If the directions are identical, the vectors are equal up to a real factor. A small angle indicates a high degree of signal similarity. A right angle indicates that both vectors are orthogonal to one another and cannot have any similarity whatsoever.
1.4 Learning signal recognition
A neuron’s weight vector makes it possible to assess the similarity of any signal vector to its weight vector. The dot product is used for comparison. We now assume that neurons have the ability to learn. Therefore, there must be ways for the neuron to learn to recognise a signal. This occurs when, during a learning process, the neuron’s weight values adopt the signal vector of the signal into its weight vector. This is achieved through the gradual convergence of the weights towards the target values. In artificial neurons, mathematical optimisation methods (gradient descent, backpropagation, regularisation) are used for this purpose. In biological neurons, the desired weight vector is usually learned through Hebbian learning, but also through phenomena such as long-term potentiation (LTP) or long-term depression (LTD) and spike-timing-dependent plasticity (STDP). Normalising the weight vector can prevent the weights from growing indefinitely without disrupting signal recognition.

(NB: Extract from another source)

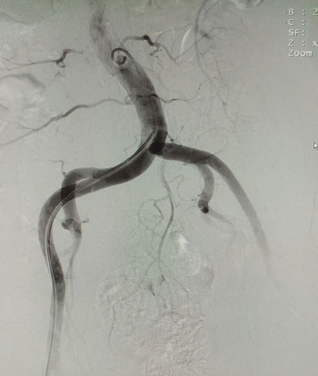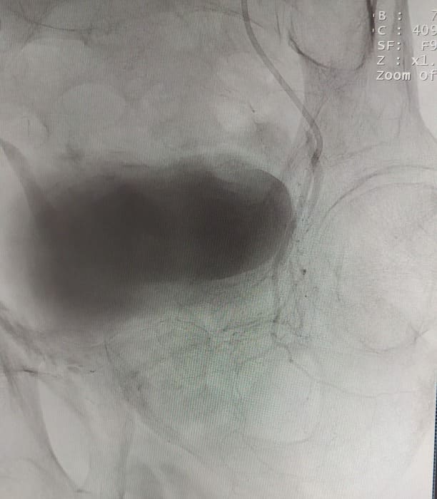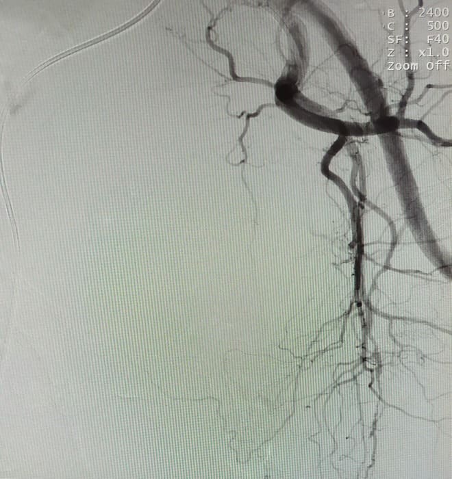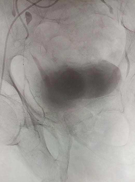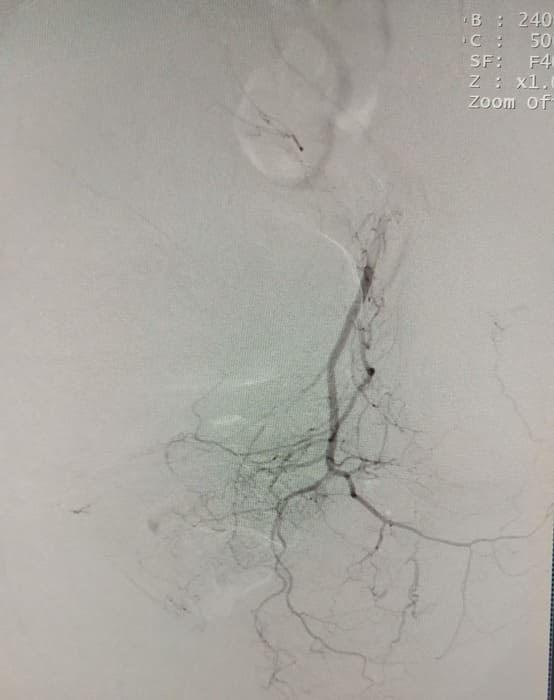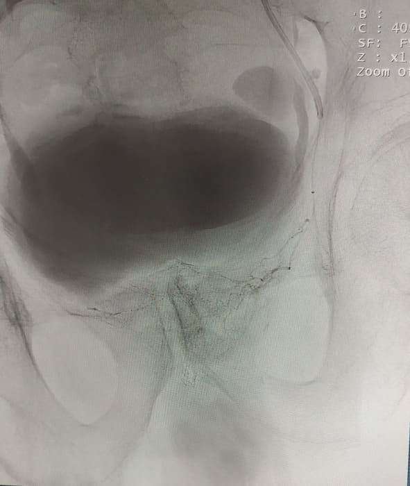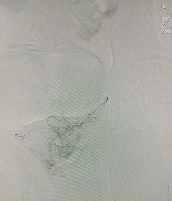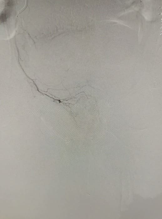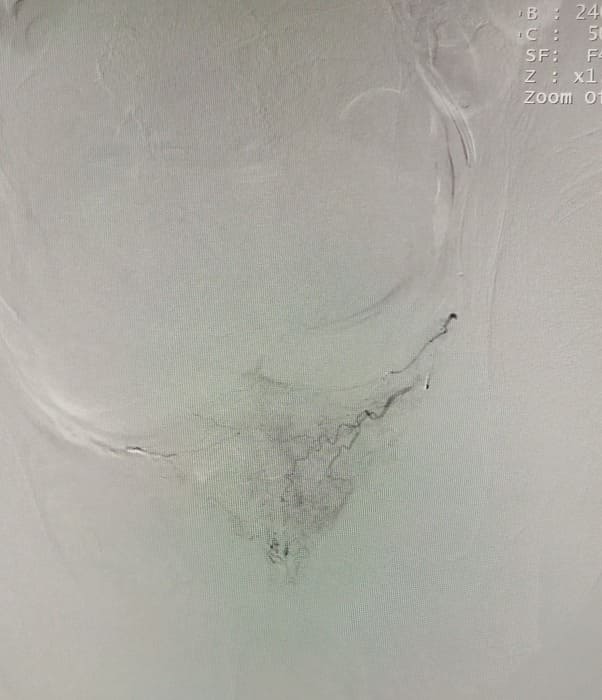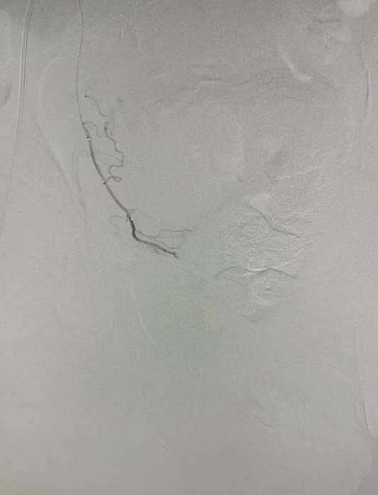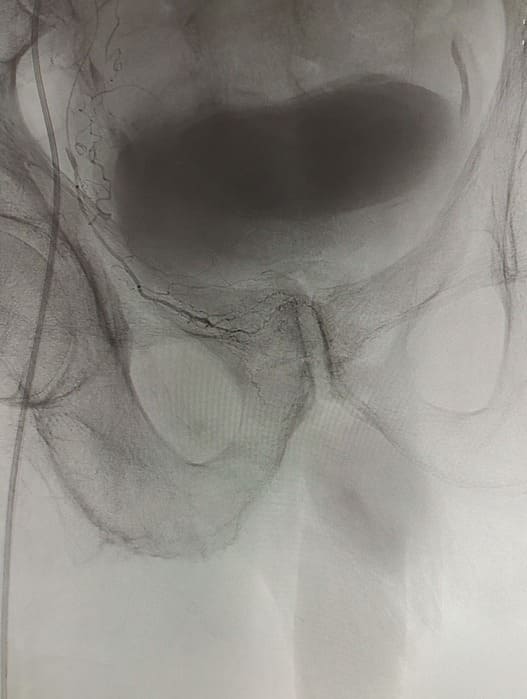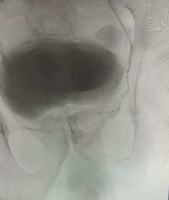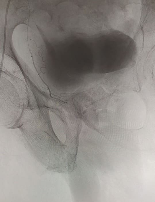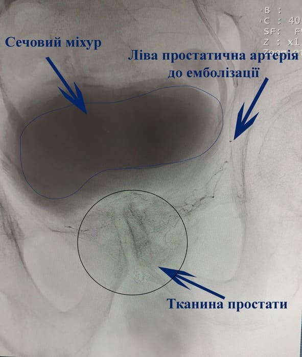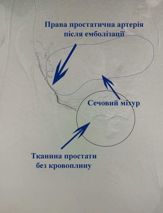 Зазвичай люди літнього віку мають вражені атеросклерозом та звивисті, внаслідок гіпертонічної хвороби судини. Цей випадок не був виключенням, тому нам довелося докласти максимум зусиль, використати високотехнологічне обладнання та інструменти, щоб віднайти цільові судини. На диво, незважаючи на попередню операцію, судинний малюнок рецидивної простати збігався з тим який буває у не оперованих пацієнтів. Тому нам вдалося їх чітко визначити з обох сторін та заповнити емболами. Це доволі кропітка праця, адже щоб викликати ішемію, необхідно поступово виключити кровоплин в усій тканині залози. Полегшувало операцію лише відсутність перетоків артерій на сусідні органи. Це дозволило нам безпечно емболізувати, не боячись негативних наслідків та ускладненнь.

Neural networks consist of many neurons and are capable of recognising a wide variety of signals. Real neural networks in the brain learn through biological algorithms, artificial ones through mathematical algorithms. The ability to recognise signals within sets of signals forms the basis of natural and artificial intelligence. The various methods are explained below wherever specific real or artificial neural networks are presented in terms of their structure and functioning.
1.5 Weight matrices
When several or many neurons are interconnected to form a neural network, their weight vectors can be combined column-by-column into a matrix, which is referred to as the weight matrix of the network. As the number of learnable signals or signal patterns increases, not only does the number of output neurons increase, but more network neurons are also required. In most cases, the number of input vectors also increases significantly. In artificial neural networks, the weights in the matrices are real numbers that can also take on negative values. In biological networks, firing rates are generally positive, so the weight matrices are represented by positive real numbers.